Figure 2. Papillary muscle parameters. (A) DT, developed tension. (B) +dT/dt, maximum positive derivative. (C) RT, resting tension. (D) –dT/dt, maximum negative derivative. (E) Plots of DT (g/mm2 × %Lmax). (F) Length-active tension relations slopes. Differences were evaluated by two-way ANOVA followed by post-hoc Bonferroni test. *p < 0.05 vs. SPO; #p < 0.05 vs. EPO; &p < 0.05 vs. SDR.
Collagen and Apoptosis in the Remaining Myocardium
Collagen levels (Table 1) were significantly lower in the reperfused rats than those of the SPO and EPO groups. Moreover, apoptosis was significantly reduced in the EDR and SDR groups compared to the permanent occlusion groups, indicated by reduction of TUNEL positive cells (Figure 3A) and decreased cleaved caspase 3 (Figure 3B).

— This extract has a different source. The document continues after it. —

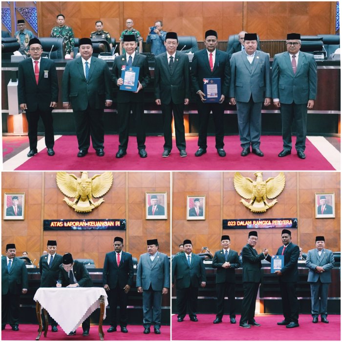 BANDA ACEH – Dewan Perwakilan Rakyat Aceh (DPRA) menggelar rapat paripurna penyerahan Laporan Hasil Pemeriksaan Badan Pemeriksa Keuangan (BPK) RI Perwakilan Aceh atas laporan keuangan Pemerintah Aceh Tahun Anggaran 2022.

Figure 3. Apoptosis and calcium kinetics in sedentary permanent occlusion (SPO), exercised permanent occlusion (EPO), sedentary delayed reperfusion (SDR), and exercised delayed reperfusion (EDR) groups. (A) Percentage of apoptotic cells by TUNEL analysis. (B) Cleaved caspase-3. (C) AKT1. (D) Phosphorylated AKT1 (pAKT1). (E) Ratio of pAKT1/AKT1. (F) Sodium calcium exchanger (NCX). (G) SERCA2. (H) Phospholamban (PLB). (I) Phosphorylated PLB (pPLB) at serine (ser) 16 (PLB ser16) and threonine (thr) 17 (PLB thr 17). (J) Ratio of pPLB/PLB. Differences were evaluated by two-way ANOVA followed by post-hoc Bonferroni test. *p < 0.05 vs. SPO; #p < 0.05 vs. EPO; &p < 0.05 vs. SDR; αp < 0.05 vs. EDR.
Myocardium Protein Levels
There were no significant differences among groups in respect to calcium kinetics proteins (Figure 3): sodium/calcium exchanger (Panel C), SERCA 2 (Panel D), total PLB (Panel E), and p-PLB (Panel F).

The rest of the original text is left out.